Best Friend
Ryan
I don't know how it happened, but the woman that I love is gone. Of course she is. Who wouldn't be? Who would really understand a man who is in love with his best friend? But she can never understand that I feel for her more strongly than I have ever felt about anybody.
Not really sure why.
It just feels right.
And now she's gone.
I made my way to my bathroom. My head was in the toilet as I was vomiting out my guts. Something feels like it is torn out of me. Now there was literally nothing left, as I sit beside the bowl, my two dogs lying beside me.
Then I called Nick.
"Hey," I said to him. "Iris, is..."
"Iris is what?" he asked.
"She's..." I can't bring myself to say the words. There is a part of me that is in denial that any of this is true. Alexis never made her way over here and made a cruel comment. Iris is still here, in the dark, but here with me. She's still in love with me. Of course, in reality, I don't really know if she is in love with me, or ever was. She never tells me how she feels about me. She's inscrutable, elusive, and I never quite know where I stand. Well, at least that was true.
I know where I stand now, unfortunately, with her.
Nowhere.
"Out with it." Nick has no patience for this.
"Nothing." If I don't say the words, then they aren't true.
He sighed. "Do I have to ask Alexis about this?"
Hearing the word Alexis snapped me out of my pity party. "Don't talk to that bitch again," I said.
"Whoa. I thought you guys were getting along."
"Were is the operative word here."
"Okay. So you guys are on the outs again. I swear to God, over the past 20 years, you guys have hated each other for as many days as you've loved each other. It's just about even."
I didn't say anything.
"So what's the problem now?" he asked.
"That's what I'm trying to find out. She came over the other night crazier than I've seen her in awhile. She had been doing lines of coke and was beyond pissed. She said that she ran into you."
"Yeah, she did, at the liquor store."
"What happened to set her off?"
Nick didn't say anything.
"Well?" I asked.
"We slept together," he said.
Oh for the love of God.
He went on. "She's still in love with you, though. Of course. She thinks that you guys will get back together at any time."
I didn't say anything. I wasn't that upset about them sleeping together. That kind of thing had been going on and off for years. There was a period of time when the three of us were all together, before it all became too much, and jealousy got the better of us. But I still look back on those three months in college, when Alexis, Nick and I all shared a house in the Hamptons one summer, as some of the best times of my life. Before it blew up one morning when Nick brought home Rielle. Three was company, but four would be a crowd, and Alexis wanted no part of it anymore. Which made me wonder if she was into Nick at that time more than she was into me. At any rate, after the summer was over, Alexis went back to Yale, Nick and I stayed at Harvard, and we didn't get into the threeways anymore. I always suspected, though, that Nick and Alexis were hooking up behind my back. And Rielle's, because she became a permanent part of Nick's life from the moment he met her at a clam bake on the beach.
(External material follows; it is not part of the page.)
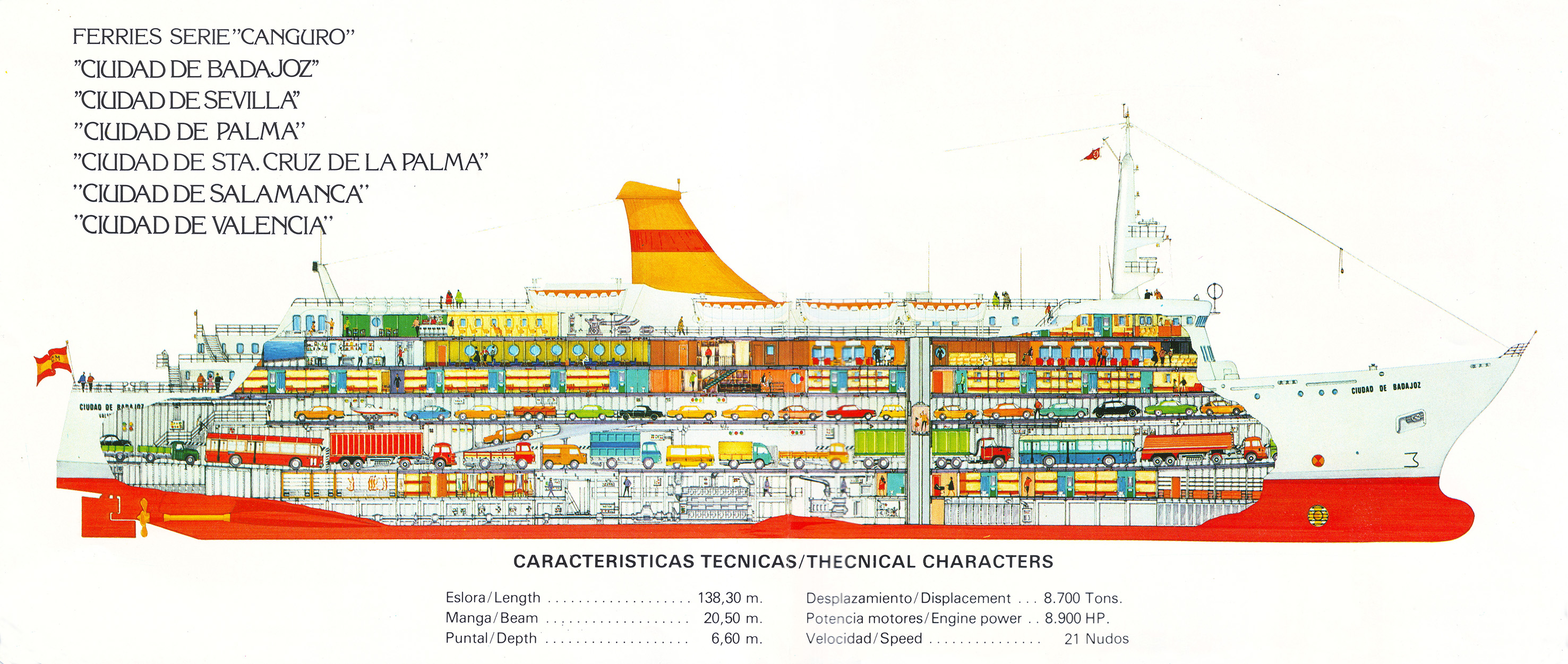 en manos del grupo italiano Bastogi. Con esta base, el 23 de febrero de 1968, se inauguró la Línea de Canguros servida por ferries italianos y que realizaban la línea Barcelona-Génova.

Now he and Alexis were back to hooking up again. But why would that set her off against me?
So, I asked "Ok, so you guys slept together. Why did that piss her off?"
"Because she asked me about you and Iris. She apparently was under the delusion that Iris is just one of your fly by nights. You know, like you used to have before you met her," he said. "And I set her straight."
"Don't remind me of my pre-Iris love life." Before I met Iris, I was a manwh**e with one stunning Victoria's Secret type after another. None of them made me happy. Not that there was anything wrong with them, but I was always looking for something more than a beautiful face and rocking body.
I wanted my best friend.
I found that with Iris.
I felt comfortable with her, safe with her, from the moment I met her. She just has that nature that puts me at ease, and I knew immediately that I wanted to tell her everything. But she was so unsure of herself, which only made me like her more.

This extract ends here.